A Ukrainian soldier carrying a drone in the Donetsk region. Photo Credit: AP/The Atlantic

It is essential to consider the battlefield adaptations undertaken by both sides: Ukraine and Russia. The Russians appeared initially to have given little heed to drones and loitering munitions that were to make traditional arms vulnerable. Ukraine’s innovative approach also allowed it to execute newer battlefield technologies and tactics that caused great upset to the Russian military. There have been many other important innovations like explosive sea drones, which have been able to strike and damage Russian warships and oil tankers in the Black Sea. Ukraine's military leadership had prioritised projects that included robotic systems, electronic warfare, artificial intelligence tools, cyber security, communications, and information security management systems.

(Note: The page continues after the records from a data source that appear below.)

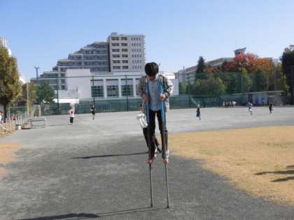 竹馬を長い期間練習していた4年生、こんなに高い竹馬に乗れるようになりました。
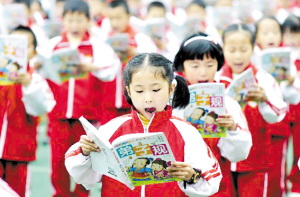 11月10日,湖北宜昌市东山小学学生在校园举行的阅读节上开展国学经典诵读。当天,湖北宜昌市东山小学举行“国学经典、古韵东山”阅读节活动。该校自2007年开设国学课堂以来,通过国学经典讲读、书法练习、民族乐器演奏等教学内容,让学生从小感受中华传统文化的博大精深,提高综合素质。 新华社发 黄翔 摄
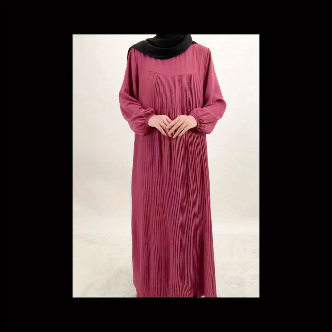 1pc Elegant holiday fashion versatile loose pleated rear zipper solid color suitable for daily wear comfortable casual loose comfortable Women's abaya dress.abayas for women muslim long sleeve dresses for women long frocks for women

Sixth, wars can have unpredictable outcomes, as the ongoing war in Ukraine indicates. Outcome of all out warfare is unpredictable and cannot be predicted from net-assessments, algorithms, war games, war-simulations and limited exercises. The intangibles and uncertainties in fog of war do not lend themselves to quantification as evident in the battlefields of Ukraine. There is an immense role of morale, national and military leadership, intuition, initiative, imagination, discipline, deception and indeed motivation. In fact, even clear technological superiority has not been forceful enough to compel favourable outcomes or rapid decisions.

Learning from the ongoing war, a strong adversary will seek a short war, to avoid a scenario of protraction and even the likelihood of loss of face! War will remain a test of logistics and industrial capacity - transport, huge amounts of ammunition, maintenance and battlefield and tertiary medical care.

In the same context is the issue of treachery and betrayal of trust and confidence by adversaries! India has had her share of treachery. Prime Minister Vajpayee was a sincere peacemaker when he undertook the bus to Lahore in February 1999, was received by Prime Minister Nawaz Sharif and the units of the Pakistan Army gave the Indian Prime Minister a guard of honour. All this while General Musharraf was treacherously executing plans to occupy the heights of Kargil that led to a bitter war from May to July in the same year! In matters of appreciating adversarial conduct, India has to be mindful of treachery and avoid complacency.

Seventh and lastly, deterrence, as an attempt to discourage potential perpetrators by influencing their assessment of costs relative to potential gains, cannot assure peace. The large Russian war machine could not deter war in Ukraine. The concept of deterrence - punitive/dissuasive in India, is one of the most dominant, and is considered important to develop necessary strategic and operational capabilities. India, hence, does not have the luxury of easing-off on defensibility of disputed borders.

Conclusion

In sum, complacency will be detrimental to national security. Apparently, riding on its own strength and overconfidence of NATO support, Ukrainian security forces and the intelligence establishment had been complacent. India has had her share of being surprised in history like in 1948, 1962, 1965, 1999, 2008 and 2020. Complacency hence can lead to war-like situations, and this highlights the all-importance of battlefield transparency.

To be militarily effective in war, it is of utmost necessity for India to recognise that in all domains of warfare – army, navy, air force, space, cyber and electronic warfare, and in all dimensions, physical, informational and cognitive, adaptation will be all important. Militaries will invariably confront problems posed by imaginative adversaries with asymmetrical force and technological advantage, as also of unfathomable strategy. The lines between peace and war have been blurred into irrelevance. Israel was deeming itself to be in a peaceful time! India, in peace, hence remains in a state of challenges, undeclared and unending!